Exercise directions =>
All pictures must be left out as you transcribe the lines from the first line of the data to the line containing "Obrączka srebrna z", both included.

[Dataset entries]
_ _ _ _ _ _ _

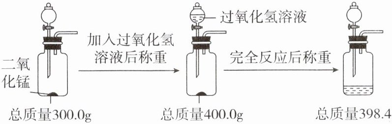 (2)解:由题干数据可知,加入过氧化氢溶液的质量为400.0g-300.0g=100.0g。设生成1.6g氧气需要过氧化氢的质量为x,则:
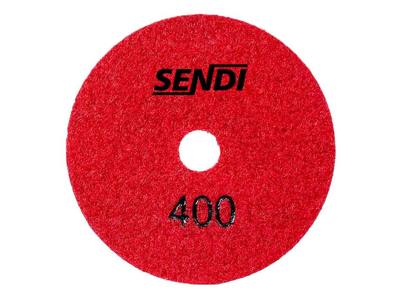 Pad polerski Ø100 #400 Sendi 01120001040 to narzędzie przeznaczone do końcowego etapu szlifowania i polerowania na sucho twardych materiałów, takich jak granit, marmur, ceramika, gres porcelanowy czy beton. Dzięki gradacji #400 możliwe jest uzyskanie gładkiej, wstępnie wypolerowanej powierzchni, gotowej do dalszego wykończenia lub użytkowania.
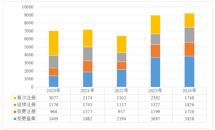 按受理注冊類型區(qū)分,2024年受理首次注冊1748項,同比降低26.0%;受理延續(xù)注冊1876項,同比增加41.4%;受理變更注冊1726項,同比增加7.9%;受理變更備案3858項,同比增加4.4%。
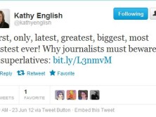 The Toronto Star's public editor Kathy English highlighted the importance of being careful with superlatives like the "first, only, most,...
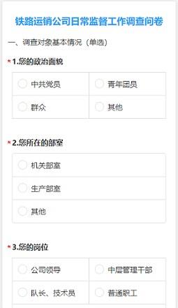 在一線走訪的基礎(chǔ)上,鐵路運(yùn)銷公司于7月21日-7月29日組織開展為期一周的“日常監(jiān)督工作”線上調(diào)查問卷活動。問卷設(shè)計(jì)8個單選題、8個多選題和1個主觀題,內(nèi)容涵蓋鐵路運(yùn)銷公司日常監(jiān)督工作基本情況、日常監(jiān)督工作范圍、監(jiān)督對象及需要改進(jìn)的地方等多方面問題。鐵路運(yùn)銷公司近50余人參與答卷,通過線上匿名問卷調(diào)查的方式,對鐵路運(yùn)銷公司日常監(jiān)督工作的落實(shí)和開展情況進(jìn)行“內(nèi)部體檢、內(nèi)部自查”,為進(jìn)一步完善和加強(qiáng)后期日常監(jiān)督工作奠定堅(jiān)實(shí)基礎(chǔ)。
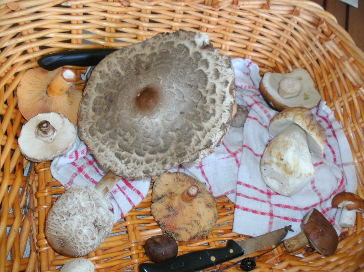 Der Schirmling oben links im Bild hier war meiner Meinung nach übrigens der Zitzenriesenschirmling. Leider auch unbrauchbar.
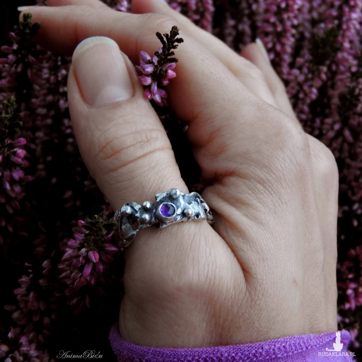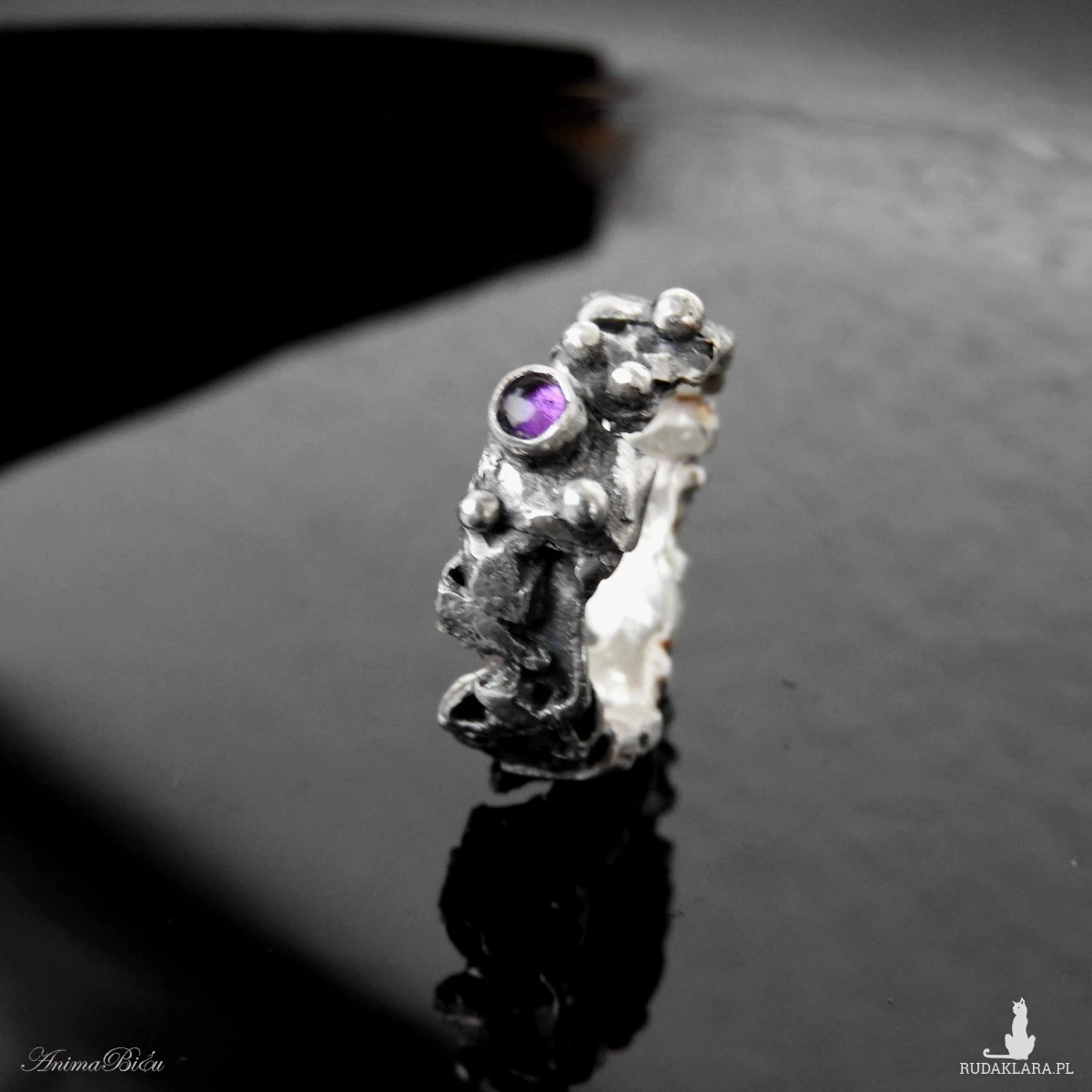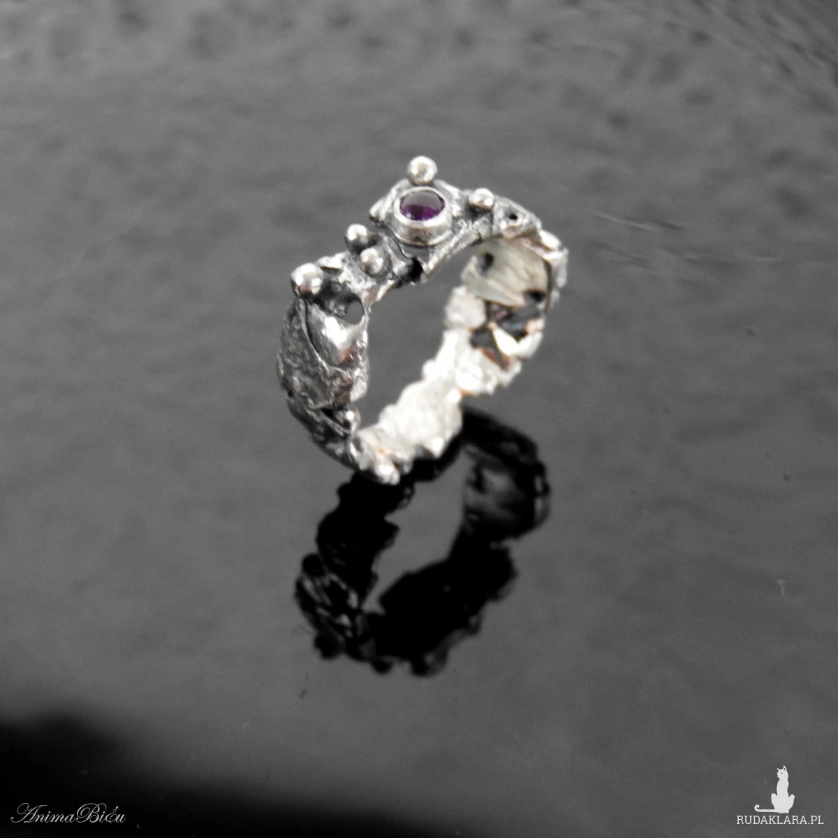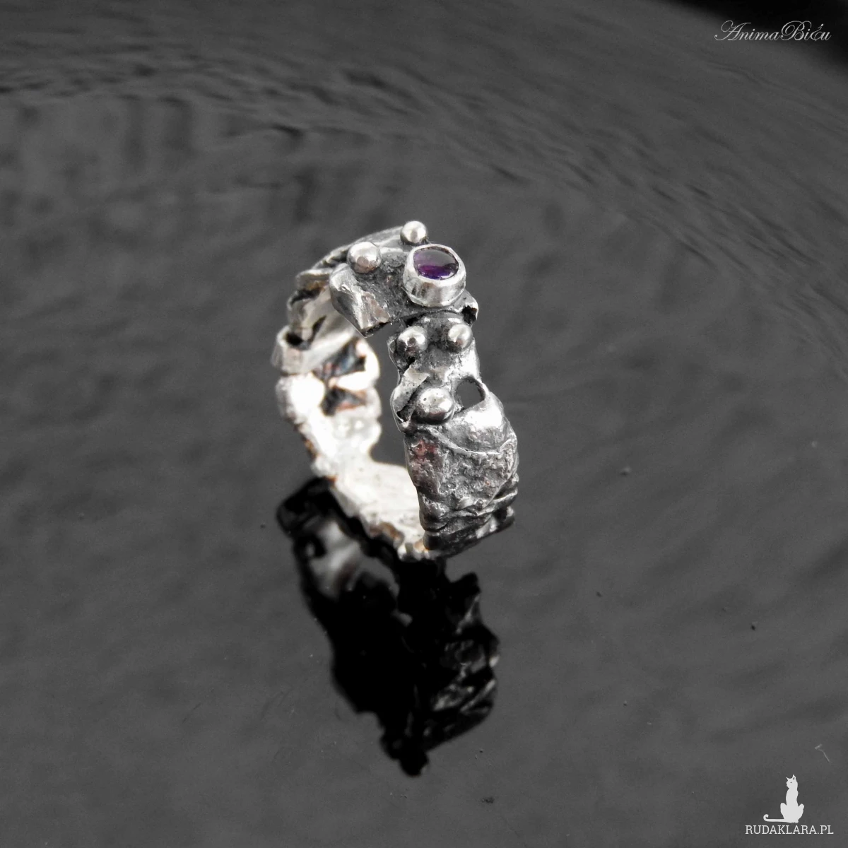 Obrączka srebrna z ametystem. Wykonana od podstaw ręcznie
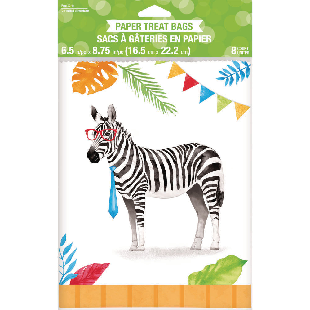 Sorprende a tus invitados con las bolsas de sorpresa safari. El paquete incluye 8 unidades de papel resistente con 4 diseños exclusivos: un mico junto al jaguar, una jirafa, un elefante y una zebra, todos decorados con globos de colores vivos que aportan alegría a tu celebración.
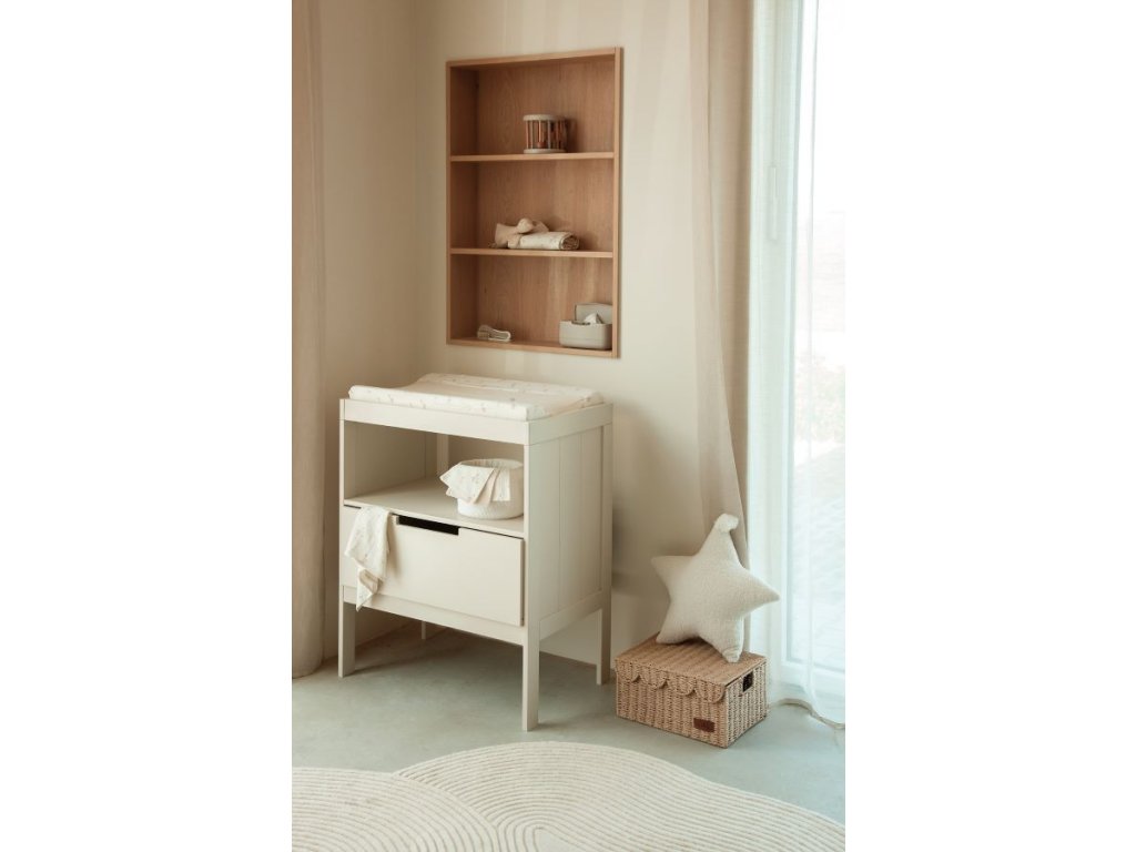 A pelenkázó lap ideális méretekkel rendelkezik, 72 x 44 x 9 cm.

_ _ _ _ _ _ _

Solution to this task =>
 (2)解:由题干数据可知,加入过氧化氢溶液的质量为400.0g-300.0g=100.0g。设生成1.6g氧气需要过氧化氢的质量为x,则:
 Pad polerski Ø100 #400 Sendi 01120001040 to narzędzie przeznaczone do końcowego etapu szlifowania i polerowania na sucho twardych materiałów, takich jak granit, marmur, ceramika, gres porcelanowy czy beton. Dzięki gradacji #400 możliwe jest uzyskanie gładkiej, wstępnie wypolerowanej powierzchni, gotowej do dalszego wykończenia lub użytkowania.
 按受理注冊類型區(qū)分,2024年受理首次注冊1748項,同比降低26.0%;受理延續(xù)注冊1876項,同比增加41.4%;受理變更注冊1726項,同比增加7.9%;受理變更備案3858項,同比增加4.4%。
 The Toronto Star's public editor Kathy English highlighted the importance of being careful with superlatives like the "first, only, most,...
 在一線走訪的基礎(chǔ)上,鐵路運(yùn)銷公司于7月21日-7月29日組織開展為期一周的“日常監(jiān)督工作”線上調(diào)查問卷活動。問卷設(shè)計(jì)8個單選題、8個多選題和1個主觀題,內(nèi)容涵蓋鐵路運(yùn)銷公司日常監(jiān)督工作基本情況、日常監(jiān)督工作范圍、監(jiān)督對象及需要改進(jìn)的地方等多方面問題。鐵路運(yùn)銷公司近50余人參與答卷,通過線上匿名問卷調(diào)查的方式,對鐵路運(yùn)銷公司日常監(jiān)督工作的落實(shí)和開展情況進(jìn)行“內(nèi)部體檢、內(nèi)部自查”,為進(jìn)一步完善和加強(qiáng)后期日常監(jiān)督工作奠定堅(jiān)實(shí)基礎(chǔ)。
 Der Schirmling oben links im Bild hier war meiner Meinung nach übrigens der Zitzenriesenschirmling. Leider auch unbrauchbar.
 Obrączka srebrna z ametystem. Wykonana od podstaw ręcznie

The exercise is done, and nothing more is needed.